MySQL DB: well, not much to say here, free, small, easy to use and manage using PhpMyAdmin.  Unless you want to spend millions on Oracle, this is a very good choice for SQL based databases.
PhpMyAdmin for MySQL administration: Used for administrating MySQL.
Eclipse: The best open source IDE out there, with an incredible number of plugins and fully featured to the level that it is a fair competitor to Idea, the #1 IDE on the market made by Jetbrain.  See a separate post on this subject.
Idea, Community Edition: For those of us wanting to save some $$$, this version of Idea has almost all you need, the limited functionality which makes it a little bit of a problem to use for development of certain types of applications is server support (can’t officially run it from Idea, you need to do it on your own, although you can run Tomcat as a standard program (not as a “server”) and so if you use maven or ant to deploy your war and configure it correctly you can have it run within Idea, and even debug.  Haven’t found a way to overcome the JSP limitation, so if you need that one you’ve got a problem.   If you want to buy the full version, they have a “personal” license for 200$, which is more affordable than the 500$ they ask for  in their so called “company” license.
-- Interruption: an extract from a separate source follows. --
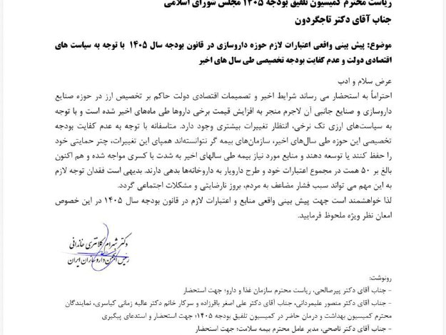 دکتر شهرام کلانتری خاندانی رئیس انجمن داروسازان ایران، در نامه‌ای به رئیس کمیسیون تلفیق لایحه بودجه ۱۴۰۵، خواستار توجه به اعتبارات حوزه دارو شد و گفت: بدهی بیمه‌ها در مجموع اعتبارات خود و طرح دارویار به داروخانه‌ها به ۵۰ همت رسیده است.

I’m a big fan of Idea, can’t say I’ll spend 200$ on it for now though.  Perhaps when I get some funding 🙂
Puppet Enterprise 2.5: For those of us fortunate enough to need deployment to a large number of servers, PuppetLabs has a fine product for automated deployment.  I know there are open source products out there which are pretty good, haven’t done the research on that one yet.
SpringI’m not going to talk too much about Spring here, there are very good resources out there and springsource have a fine web site you can explore.  
Besides, I have a feeling I’ll be talking about it extensively in future posts.  For now I’ll just say that if you’re building something from scratch, taking Spring as your container will make life simpler and force you to build your code in a way that is organized and supportable in the future.
Tiles 2: Tiles (2) is a framework for building web pages from fragments, so for example you can have a header, a body, and a footer each in their own file, and within each you can inject different content based on what you need.  I have a feeling I’ll post something on this subject later, since I’ve done my research trying to decide between Tiles, Spring MVC, and Struts.  I eventually picked Tiles 2, more on that later.
jQuery: A very popular Javascript library built to make life easier when dealing with the different browsers on the market.  Writing browser compatible javascript code is difficult, and requires extensive testing, if you can limit yourself to a 3rd party library which promises full browser compatibility, you’re set.  It also has a very wide range of plugins to do really cool stuff.
MongoDB: The trend nowadays is moving away from SQL databases into the so called “No-SQL” DB’s.  Mongo is one of those light-weight No-SQL databases which lets you store your data as a “document”, actually in a JSON format.  Compared to its size, this database has really strong capabilities.
Logback: Once upon a time there was log4j, a very popular logging framework for java.  Then the creator of this framework came up with slf4j, an interface for using logging engine in a standard way.  And finally there was Logback, the latest from this very capable developer, and what you should now use to do your logging in java.